The conference had many excellent presentations. I provide a brief description of each presentation here and a link to the relevant powerpoint or speech.

The Impending Pension and Health Plan Crisis and the Impact of an Aging Work force on Talent Management
Tim Phoenix and Lance Weiss, Deloitte Consulting

Tim Phoenix and Lance Weiss discussed the aging demographics of the government work force and stressed that any change in pension or health care plans must consider issues of talent retention and talent attraction. They also provided a comprehensive history of the Illinois pension system and recent efforts to address underfunding.

An Independent View of the Credit Risks of Pension Underfunding
Richard Ciccarone, McDonnell Investment Management
John Kenward, Standard & Poor’s
Paul Nolan, Moody’s Investors Service
Joe O’Keefe, Fitch Ratings

Richard Ciccarone moderated a panel of rating agency analysts, who examined how state and local governments are handling pension liabilities and the impact that OPEB liabilities might have on government credit ratings. The analysts stressed that a primary concern is whether state and local governments have recognized their future liabilities and have a plan for meeting them.

The Regional Perspective on Pension Issues
Michael Moskow, Federal Reserve Bank of Chicago

Michael Moskow offered his perspectives on improving pension solvency and the impact of pension underfunding in the Midwest.

Are Public Pension Funds Able to Break from the Path of Social Security and the Private Sector?
J. Fred Giertz, University of Illinois and National Tax Association

Fred contrasted the relative liability of the Social Security and Medicare system to private and state and local government pension exposure. He examined resources that each sector might have to meet future expenses.

If the Pension Bomb Stops Ticking, What Happens Next?
James Spiotto, Chapman and Cutler

James Spiotto described the legal protections surrounding pension funds as well as the limits on state and local governments to restructure pension and even health care liabilities.

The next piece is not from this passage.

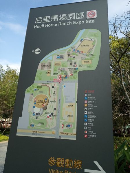 這裡便是后里馬場園區的地圖,園區分為兩部分,一邊是新蓋的花舞館,一邊是古蹟后里馬場。

The Organized Labor Perspective on Pension Issues
Hank Scheff, AFSCME Council 31

Hank Scheff described why defined benefit pension programs are often best for government workers. He noted that nearly one-quarter of state and local government workers do not receive social security benefits, making pension income that much more important. He also described recent problems in Illinois pension funding.

Best Practices for Reforming Pension Governance
Lise Valentine, The Civic Federation

Lise Valentine examined governance structure for pension fund boards and spoke of the importance of having independent and citizen member representatives. She stressed that pension boards should focus on protecting the funds assets and not lobbying for any particular stakeholder group.

Finally, if you have any questions after you look over the presentations, let me know. I’ll get in touch with the presenter and try to get you an answer.